Sejarahnya dimulai sejak tahun 1918, ketika seorang Belanda, JB Van Dijk mengusulkan pemanfaatan sumber energi panas bumi di Kamojang. Begitulah, setelah melakukan berbagai survei dan ujicoba, akhirnya dilakukan pemboran pada sumur yang dinamakan KMJ-3.
Sampai sekarang, KMJ-3 masih menghasilkan uap alam kering dengan suhu 140 C dan tekanan 2,5 atmosfer (atm). Setelah sekian lama, pemanfaatan energi panas bumi Kamojang untuk pembangkit listrik baru dimulai sejak tahun 1983, seiring dengan dioperasikannya Pembangkit Listrik Tenaga Panas Bumi (PLTP) Kamojang Unit I dengan kapasitas 30 Megawatt (MW).
Kamojang mencatat sejarah karena di tempat inilah untuk pertama sekali, energi panas bumi dimanfaatkan untuk pembangkit listrik di Indonesia secara komersial. Seterusnya pada tahun 1988 kapasitas terpasang meningkat menjadi 140 MW dengan dibangunnya unit dua dan tiga (2x55 MW).
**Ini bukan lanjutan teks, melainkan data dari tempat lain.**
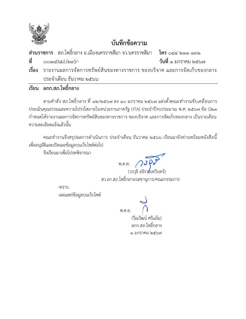 รายงานผลการปฏิบัติเกี่ยวกับการจัดการทรัพย์สินของราชการ ประจำเดือน ธันวาคม พ.ศ.2566
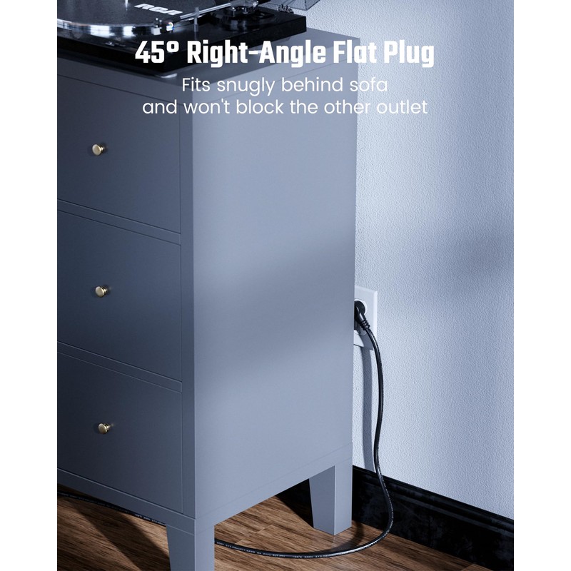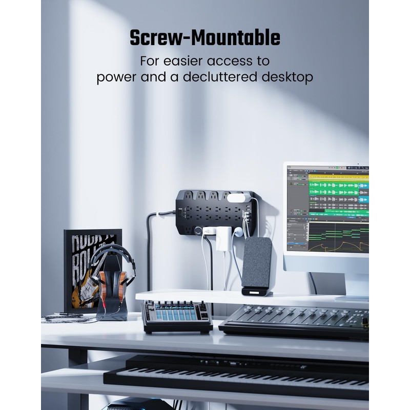 - 【6.5FT Flat Plug Cord & Mountable】 With 4 T-shape mounting holes on the back, and the included 4 screws and 1 drill template, you can easily mount the flat plug extension cord with multiple outlets horizontally or vertically on walls, behind the TV, or under the desk, leaving you a clutter-free working / entertaining environment! At the end of the 6.5ft 14AWG heavy-duty cord, the space-saving 45° angled flat plug fits snugly behind furniture and won't block the other outlet.

Kini, Kamojang yang merupakan salah satu dari tujuh lapangan panas bumi yang telah berproduksi, turut berkontribusi bagi ketersediaan 807 MW listrik yang bersumber dari seluruh PLTP di Indonesia. Sementara enam lainnya adalah Gunung Salak, Derajat dan Wayang Windu di Jawa Barat, Dieng di Jawa Tengah, Lehendong di Sulawesi Utara dan Sibayak di Sumatera Utara.